By Niki Hitch, Certified Integrative Health Coach/Yoga Instructor

When most people think of exercise, they typically think of running, biking, strength training or something similar where the heart is pounding, sweat is dripping and the muscles are quivering until they fatigue.  Although growing in popularity, many don’t even consider yoga (regardless of the style) to be “real” exercise.  We live in a fast-paced world where it’s believed that bigger and faster is better.  We have become quite accustomed to the “no pain, no gain” mentality.  If you aren’t dripping, stinky and exhausted after exercise, then you didn’t really exercise. 

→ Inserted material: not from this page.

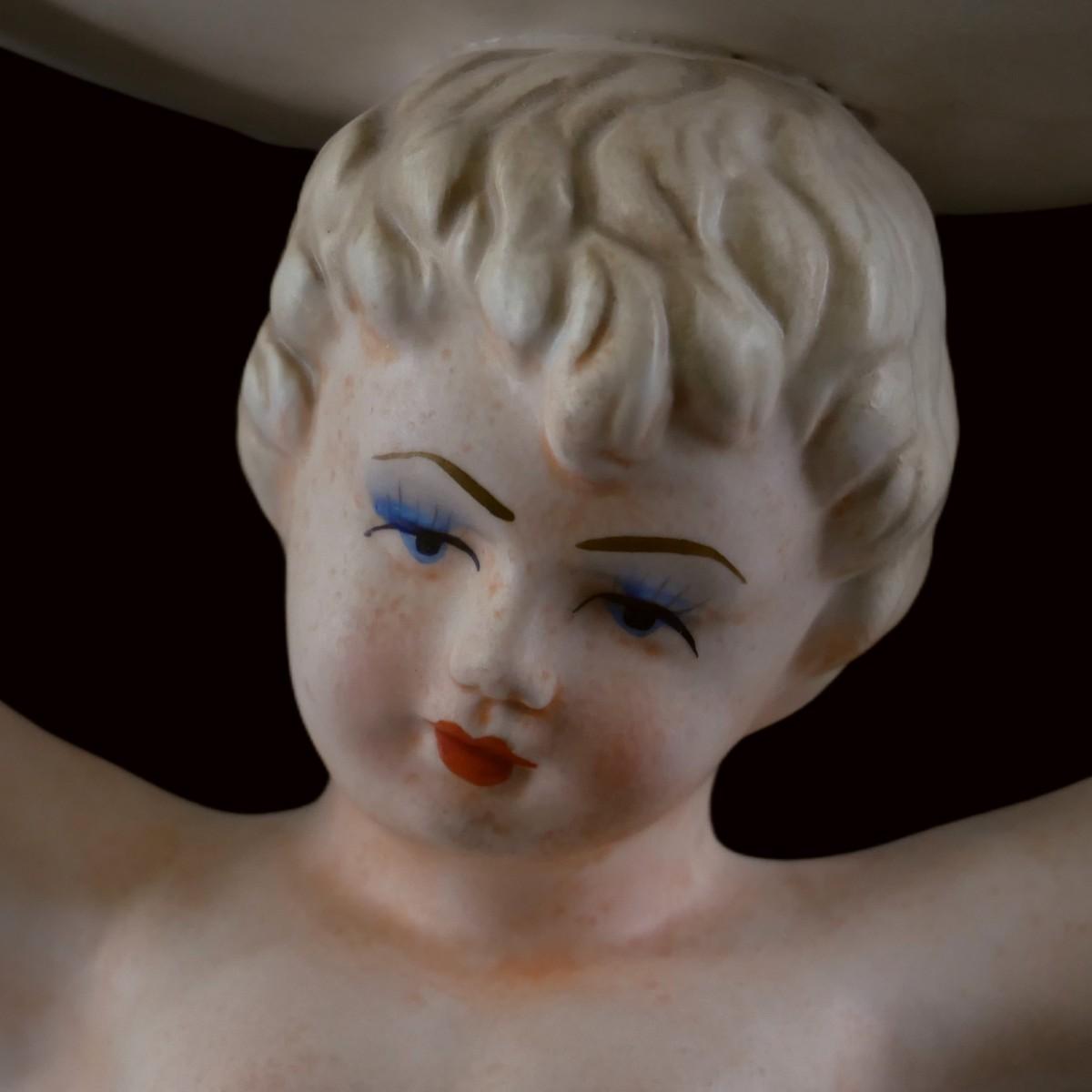 Large Victorian era style cherub boy holding dish. Charming boy has makeup and florid complexion, floral motifs throughout piece. Hand-painted ceramic with no issues found. Superb condition! Total piece measures approximately L 9" x H 17" x W 6", packaged lot weighs 5 lbs. (D103)

So imagine the deer in headlights look I get when I tell people we need cold muscles for Yin Yoga.  Yin Yoga comes from the Taoist (pronounced with a “d” sound), Paulie Zink.  Yin energy is passive, slow energy that one can’t necessarily see, but they can feel.  Yang (pronounced “yawng”) energy is explosive, active movement that can be seen and felt.   Our Western culture is very yang and our western mentality has transformed yoga over time to be more yang…hard, hot and long.  This is certainly not wrong; it’s just different.  Yang exercise works the muscles.  But, are any of us a skeletal system held together by just muscles?  Hope not!  We have connective tissues, too, such as ligaments, tendons and fascia. 

Yin Yoga is designed to bring space to the joints by expanding these connective tissues.  In order to effectively get into the connective tissues, though, the muscles need to be cold.  If the muscles are warm during Yin Yoga, the muscles will stretch (not the goal, here) versus the connective tissues expanding (bingo!).   Add to these cold muscles, long holds which are usually 3-5 minutes long.  Anything less and the connective tissues, which are taffy-like in their texture, will not have time to expand.  When these connective tissues expand, circulation improves at the joints (which is very healing), energy channels open (allowing energy to circulate to other parts of the body for healing) and the hunched-over positions our bodies experience most of the day long (driving, sitting, computer clicking, device playing) are counteracted.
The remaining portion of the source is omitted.